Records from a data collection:
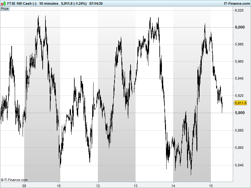 UK 100 Index called to open -10pts at 5910 having sold back from another test of 6000 to keep us in a 7-day sideways range 5850-6000. That JPMorgan call to sell any rallies is proving profitable so far. Potential for support at 5900 via highs of early yesterday. Note, however, equal potential for this sideways move to be consolidation before either a rebound or another leg down to continue the downtrend from April 2015 all-time highs. Watch levels: Bullish 5935, Bearish 5890.
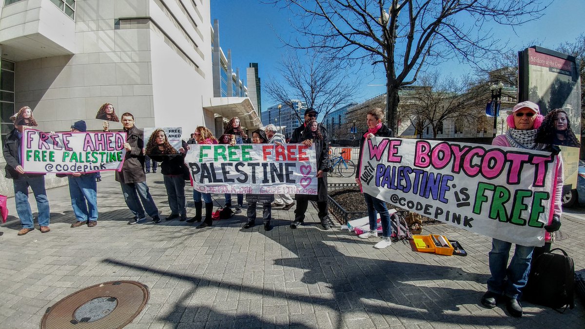 Οι διαδηλωτές υπέρ της Παλαιστίνης συγκεντρώθηκαν εκτός του χώρου της AIPAC κατά τη διάρκεια της διάσκεψης για να διαμαρτυρηθούν για την ισραηλινή κατοχή, καθώς και την απόφαση του Tραμπ να μετακινήσει την Πρεσβεία των ΗΠΑ στο Ισραήλ, στην Ιερουσαλήμ.
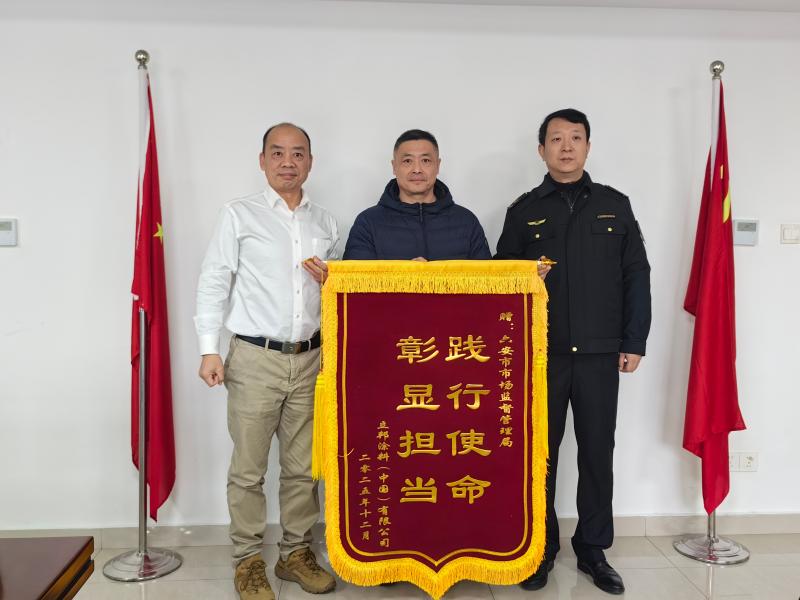 2025年12月31日,涉案商标权利人专程从广州赶赴我局,赠送了一面写有“践行使命、彰显担当”的锦旗。这八个字是对市场监管执法人员恪尽职守、执法为民精神的充分肯定。这已是我局在2025年度知识产权保护执法领域收获的第三面致谢锦旗,折射出市场主体对我市知识产权保护工作的信任与认可。
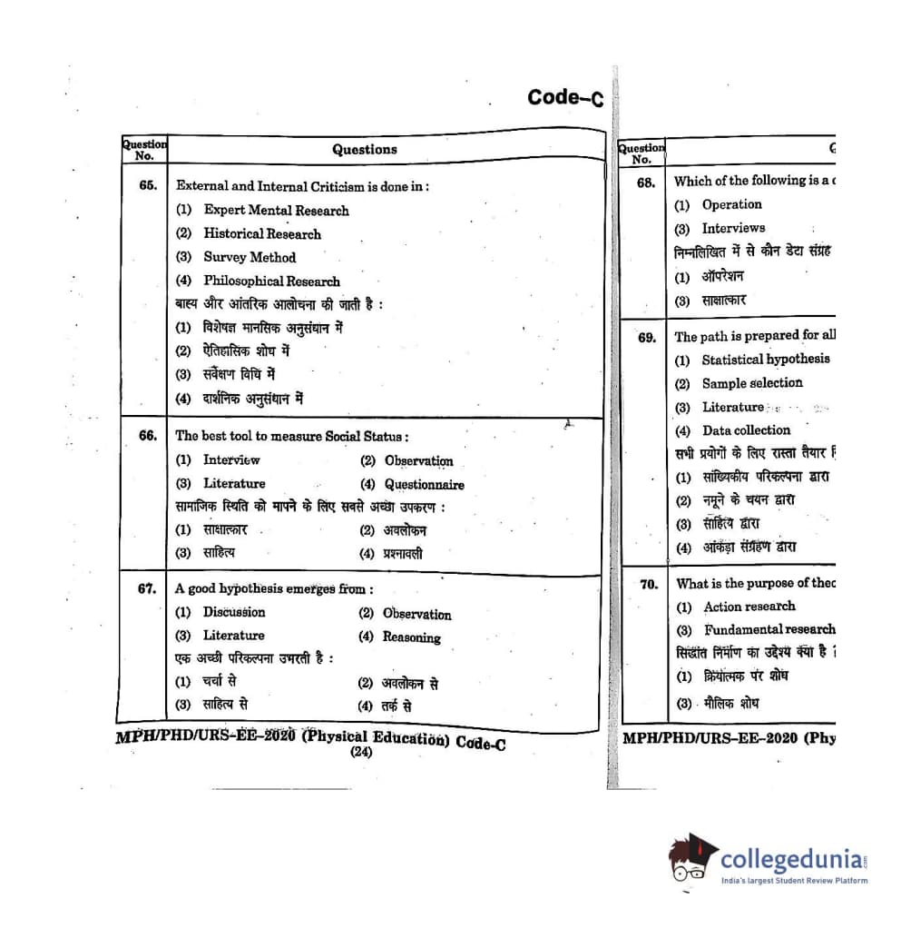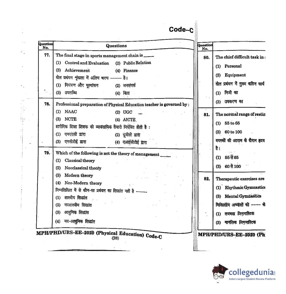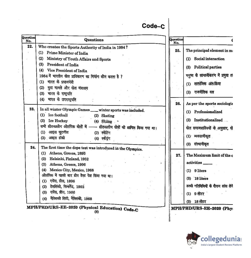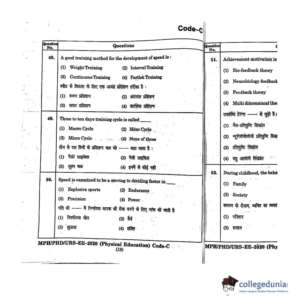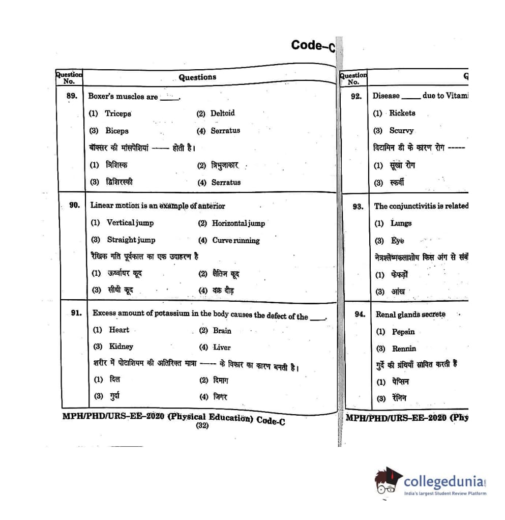 | MDUCEE 2020 M.Phil/Ph.D/URS - Physical Education Set C Question Paper PDF | MDUCEE 2020 M.Phil/Ph.D/URS - Physical Education Set C Answer Key PDF |
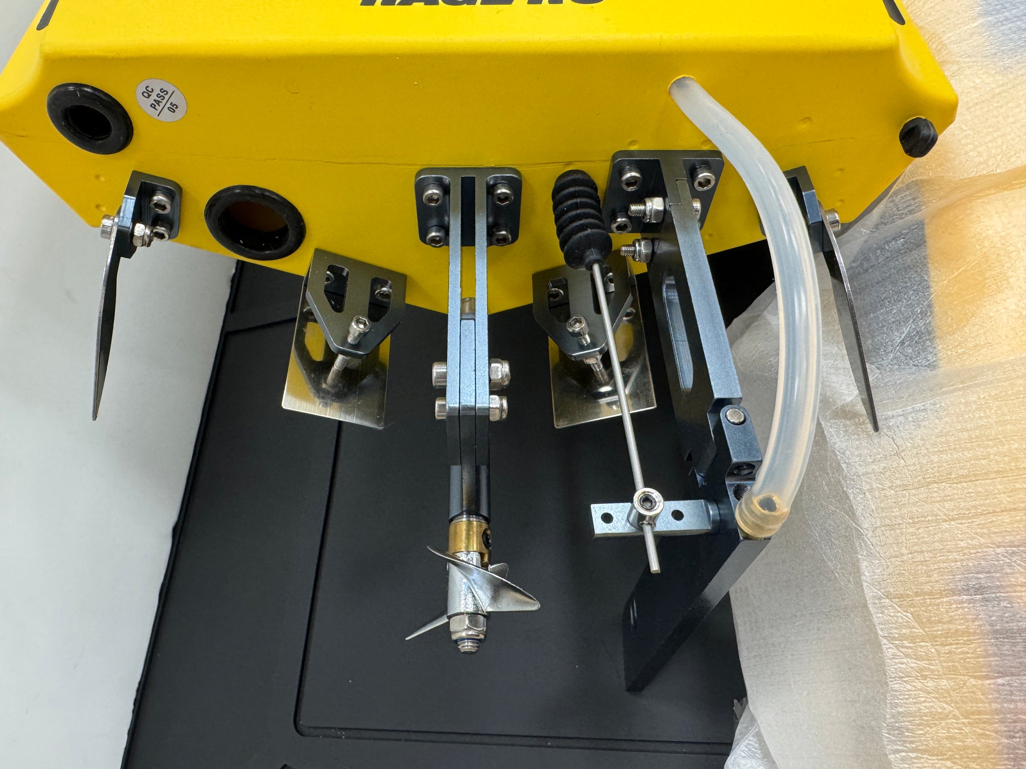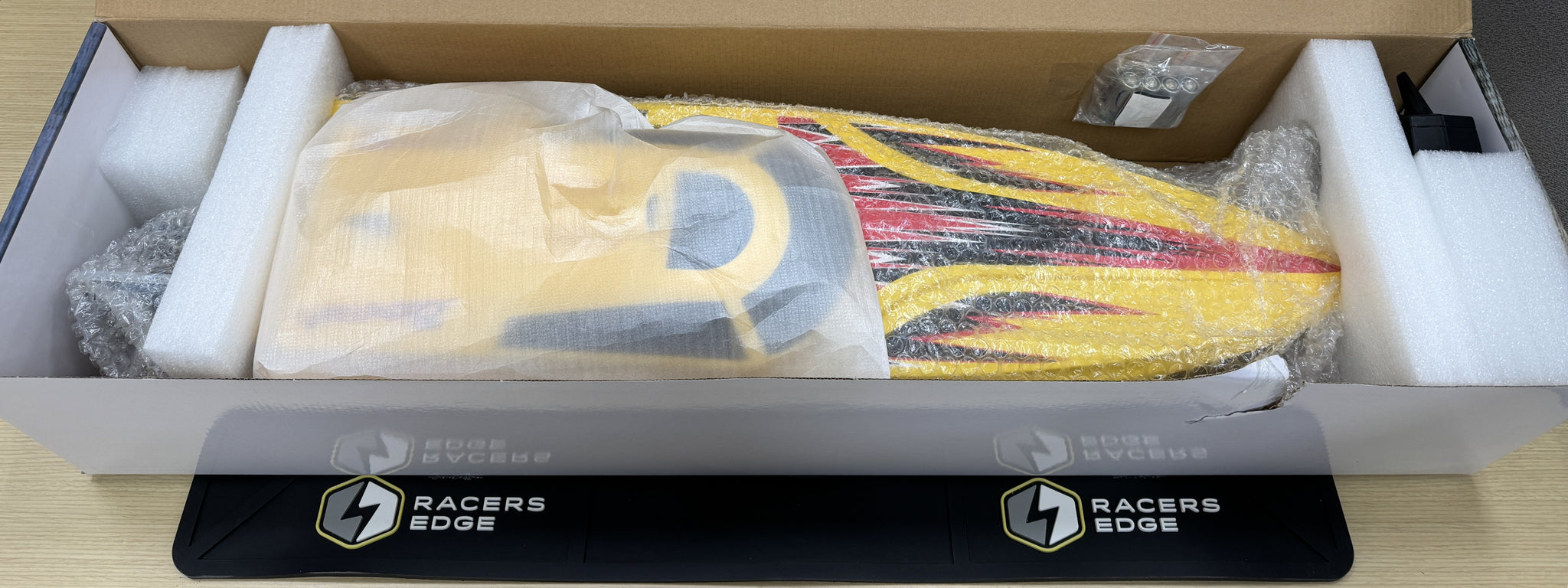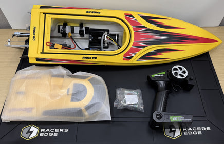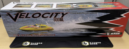 The Velocity 800BL is propelled by brushless power that will have you flying across the water at adrenaline-pumping speeds of over 45MPH! Performance is delivered by a brushless, water-cooled 1750kV motor, and harnessed by a 60A water-cooled electronic speed control. This offshore rocket ship features a durable uni-body ABS hull that arrives pre-painted with a unique matte yellow finish and bright, bold graphics that combine to give the Velocity a fast, aggressive appearance. The durable zinc/aluminum alloy propeller, anodized aluminum rudder, and stainless running hardware provide a rugged, yet elegant look that completes the package, making the Velocity 800 BL a great looking, high-performance boat that looks as fast on the included display stand as it does on the water. Should high speeds, aggressive turns, or rough seas cause the boat to flip or capsize, the unique self-righting feature automatically turns the boat right-side-up within a few seconds, allowing the driver to bring the Velocity back to dock safely.
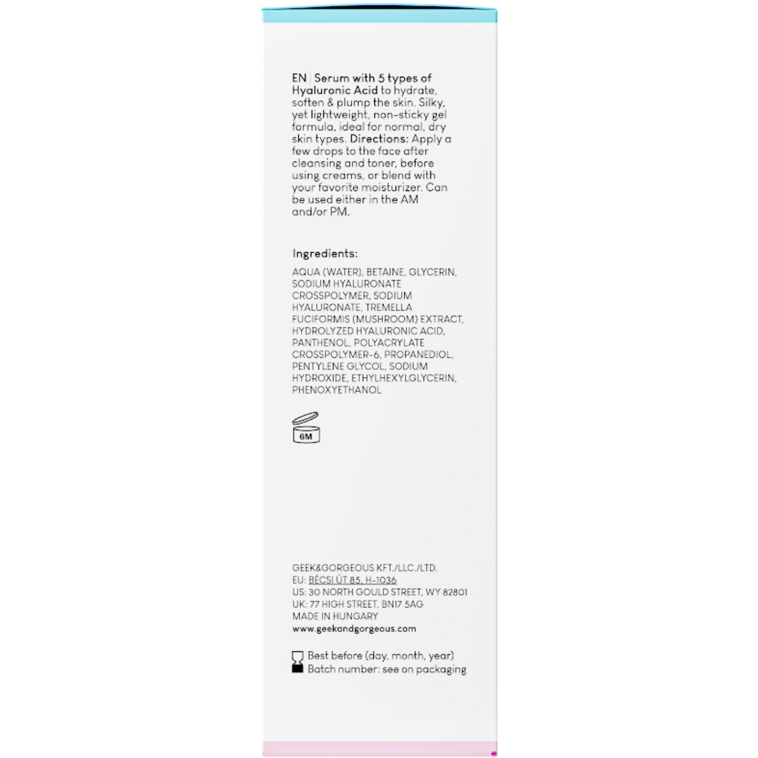 Geek & Gorgeous - HA 5 Rich - сыворотка с 5 видами гиалуроновой кислоты, которая интенсивно увлажняет, подтягивает и разглаживает кожу. Она обогащена экстрактом грибка - слизи с увлажняющим и антиоксидантным действием, а также пантенолом, снимающим раздражение кожи. Сыворотка обеспечивает коже соответствующее увлажнение, укрепляет защитный барьер кожи и смягчает эпидермис. Имеет гладкую гелевую текстуру, не оставляющую ощущения липкости. Лучше всего подходит для сухой и нормальной кожи. Имеет pH 4,5-5,5.

Activity |
Exclude images and repeat all entries exactly.

Worked solution |
 UK 100 Index called to open -10pts at 5910 having sold back from another test of 6000 to keep us in a 7-day sideways range 5850-6000. That JPMorgan call to sell any rallies is proving profitable so far. Potential for support at 5900 via highs of early yesterday. Note, however, equal potential for this sideways move to be consolidation before either a rebound or another leg down to continue the downtrend from April 2015 all-time highs. Watch levels: Bullish 5935, Bearish 5890.
 Οι διαδηλωτές υπέρ της Παλαιστίνης συγκεντρώθηκαν εκτός του χώρου της AIPAC κατά τη διάρκεια της διάσκεψης για να διαμαρτυρηθούν για την ισραηλινή κατοχή, καθώς και την απόφαση του Tραμπ να μετακινήσει την Πρεσβεία των ΗΠΑ στο Ισραήλ, στην Ιερουσαλήμ.
 2025年12月31日,涉案商标权利人专程从广州赶赴我局,赠送了一面写有“践行使命、彰显担当”的锦旗。这八个字是对市场监管执法人员恪尽职守、执法为民精神的充分肯定。这已是我局在2025年度知识产权保护执法领域收获的第三面致谢锦旗,折射出市场主体对我市知识产权保护工作的信任与认可。
 | MDUCEE 2020 M.Phil/Ph.D/URS - Physical Education Set C Question Paper PDF | MDUCEE 2020 M.Phil/Ph.D/URS - Physical Education Set C Answer Key PDF |
 The Velocity 800BL is propelled by brushless power that will have you flying across the water at adrenaline-pumping speeds of over 45MPH! Performance is delivered by a brushless, water-cooled 1750kV motor, and harnessed by a 60A water-cooled electronic speed control. This offshore rocket ship features a durable uni-body ABS hull that arrives pre-painted with a unique matte yellow finish and bright, bold graphics that combine to give the Velocity a fast, aggressive appearance. The durable zinc/aluminum alloy propeller, anodized aluminum rudder, and stainless running hardware provide a rugged, yet elegant look that completes the package, making the Velocity 800 BL a great looking, high-performance boat that looks as fast on the included display stand as it does on the water. Should high speeds, aggressive turns, or rough seas cause the boat to flip or capsize, the unique self-righting feature automatically turns the boat right-side-up within a few seconds, allowing the driver to bring the Velocity back to dock safely.
 Geek & Gorgeous - HA 5 Rich - сыворотка с 5 видами гиалуроновой кислоты, которая интенсивно увлажняет, подтягивает и разглаживает кожу. Она обогащена экстрактом грибка - слизи с увлажняющим и антиоксидантным действием, а также пантенолом, снимающим раздражение кожи. Сыворотка обеспечивает коже соответствующее увлажнение, укрепляет защитный барьер кожи и смягчает эпидермис. Имеет гладкую гелевую текстуру, не оставляющую ощущения липкости. Лучше всего подходит для сухой и нормальной кожи. Имеет pH 4,5-5,5.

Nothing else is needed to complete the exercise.